Bacterial community composition

We calculated four different estimates of bacterial community composition for each of the six data sets, i.e. all BCC measures were only calculated for communities within a data set and do not account for between data set compositional differences (which was much larger than within data set differences). For each DNA and cDNA data set we calculated one measure of taxonomic composition without accounting for phylogenetic distance between taxa (dBCCt and rBCCt for total and active community, respectively), and one measure of phylogenetic community composition accounting for phylogenetic distances (dBCCp and rBCCp for total and active community respectively). To extract one measure of rBCCt and dBCCt for each community we used the site scores from the first axis of a Principal Coordinate Analysis (PCoA) of the Morisita-Horn distance matrix (see ‘statistical analyses’ below) for each data set. In this case the first axis explained 12–42% of the variation in rBCCt and 33–70% in dBCCt, being highest in the Js data set, and lowest in the S II data set (Table S2). Similarly, using the phylogentic distance matrix (see above) sites scores were obtained from the first axis of PCoA both of the active (rBCCp) and total bacterial communities (dBCCp). Communities with similar PCoA site scores have thus closely related non-shared taxa whereas non-shared taxa are more distantly related between communities with different site scores. The first axis explained similar amounts of variation in community composition in all data sets, 19–40% in rBCCp and 22–38% in dBCCp (Table S2), again being highest in the Js data set in both cases.

Statistical analyses

Average beta-diversity of bacterial communities (OTUs of 99% 16S rRNA similarity) within each data set (rBCCt and dBCCt) was calculated as Morisita-Horn dissimilarities. Morisita-Horn dissimilarities close to zero indicate very similar communnities, whereas values close to 1 indicate completely different communities.
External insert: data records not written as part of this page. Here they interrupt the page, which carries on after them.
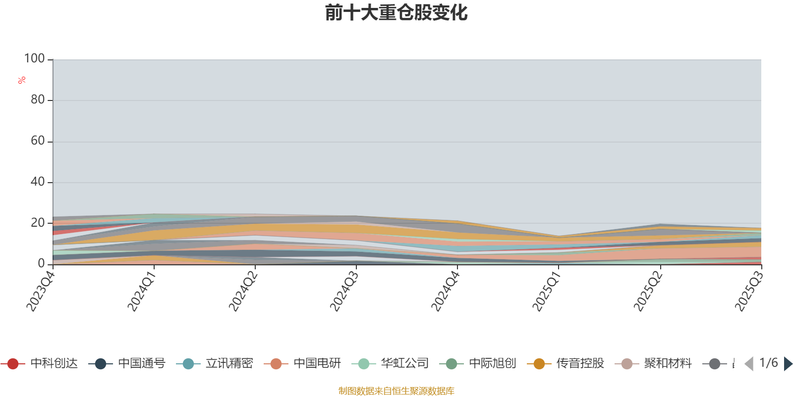 截至2025年三季度末,基金十大重仓股分别是宁德时代、东方财富、汇川技术、寒武纪、芯联集成、新易盛、中科创达、格科微、中际旭创、伟测科技。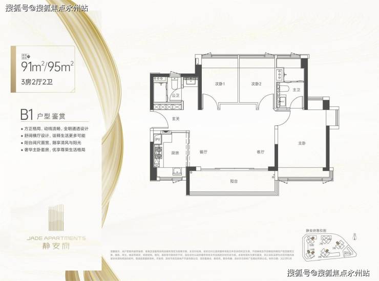 建面约91/95㎡产品为3房2厅2卫设计,户型更为方正,采用横厅设计,南北通透,采光、通风性能优异,空间也更加舒展。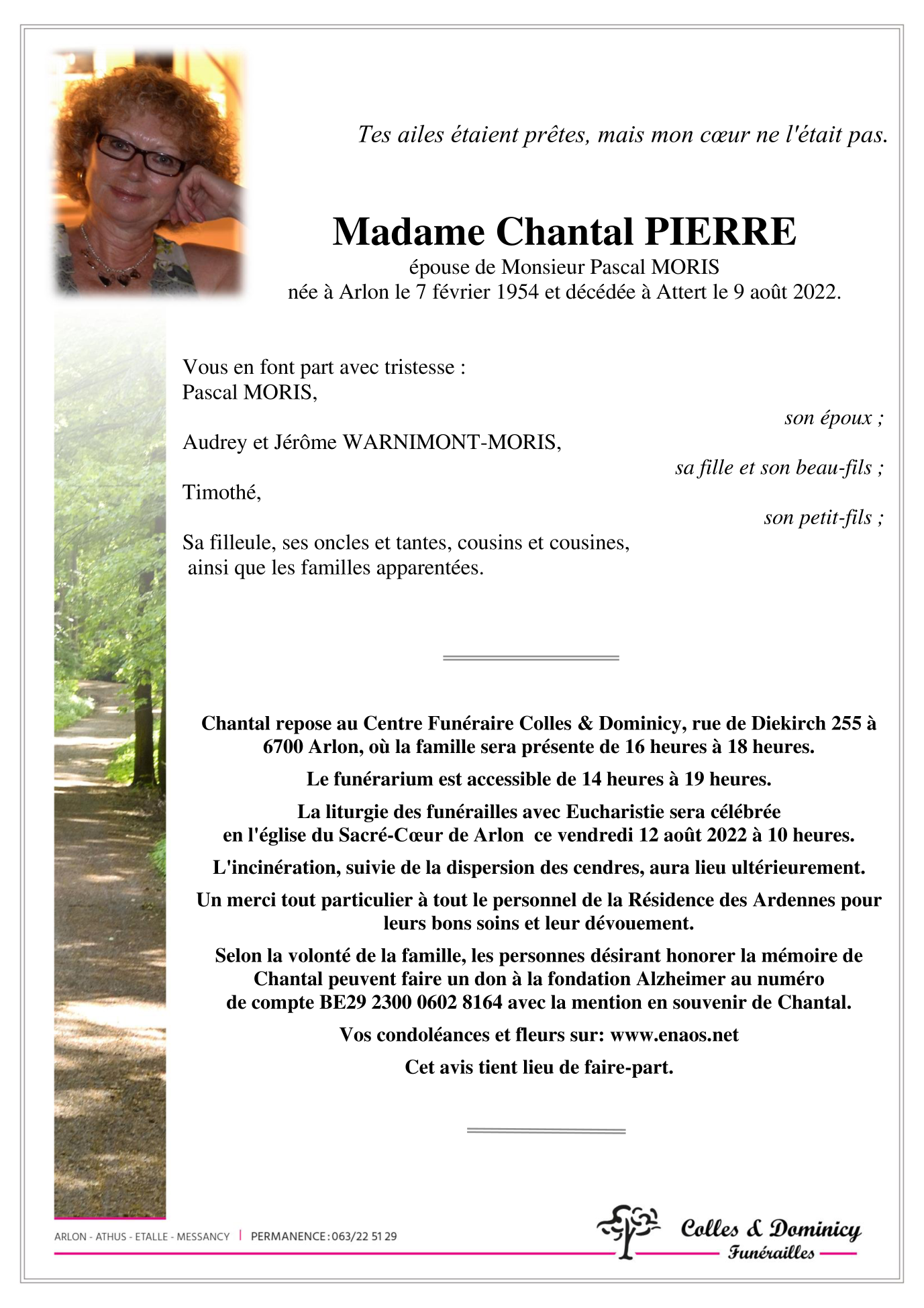 Décédée à Attert (6717) le mardi 9 août 2022 à l'âge de 68 ans

Bray-Curtis dissimilarites of carbon substrate use (AWCD scores of all 31 substrates) were obtained as an estimate of between site variation in trait composition. Bray-Curtis dissimilarities close to zero indicate communities that have a very similar relative use of different carbon substrates, whereas values close to 1 indicate a completely different use of carbon substrates. Non-metric multi-dimensional scaling (nMDS) was performed using PAST version 2.17 [31] to show differences in carbon substrate use and bacterial community composition (BCCt) among data sets.

To study associations between community BPC and local environmental factors, functional trait composition of communities and the different aspects of BCC within data sets, we did partial least square regressions (PLS) with SIMCA 12.0 (Simca 12.0.1., Umetrics AB, Umeå, Sweden). BPC was the dependent variable and TC, TP, TN, TN/TC, TP/TC and average use of the different substrate groups and PCoA sites scores of the first axes of BCC (all BCC measures) were used as explanatory variables (Table 2). PLS has the advantages that it can handle co-variation among variables and is not sensitive to the number of explanatory variables relative sample size as explanatory variables are transformed into one or several latent variables that explain the maximum variance of the dependent variable [32]. From the PLS we extracted Variable Importance for the Projection (VIP-scores) that describe the relative importance of a variable for the correlation between the latent explanatory variables and the dependent variable. VIP-scores>1 indicate important variables, and the higher the value the more important is a variable for the correlation between the latent and dependent variable. We used the scaled and centered coefficients between the explanatory variables and the dependent variable to show the direction of the relationship (positive or negative). To infer covariation between different explanatory variables and BPC we plotted the loadings from the PLS. Explanatory variables with high loadings (positively or negatively) explain most of the variation in the latent variables, and explanatory variables close together show high covariation. In the loading plot, explanatory variables close to BPC are positively correlated with BPC whereas explanatory variables distant from BPC are negatively correlated with BPC. However, to get actual values of correlations between explanatory variables we also calculated Pearson correlation coefficients, r. BPC and environmental data was log-transformed prior to the analysis for the data to better fit a normal distribution. We did paired t-tests to compare the explanatory power of active (rBCC) and total (dBCC), respectively phylogenetic based (BCCp) or taxonomic based (BCCt) measures of BCC on BPC.

Table 2

Average Bray-Curtis (BC) and Morisita-Horn (MH) dissimilarities.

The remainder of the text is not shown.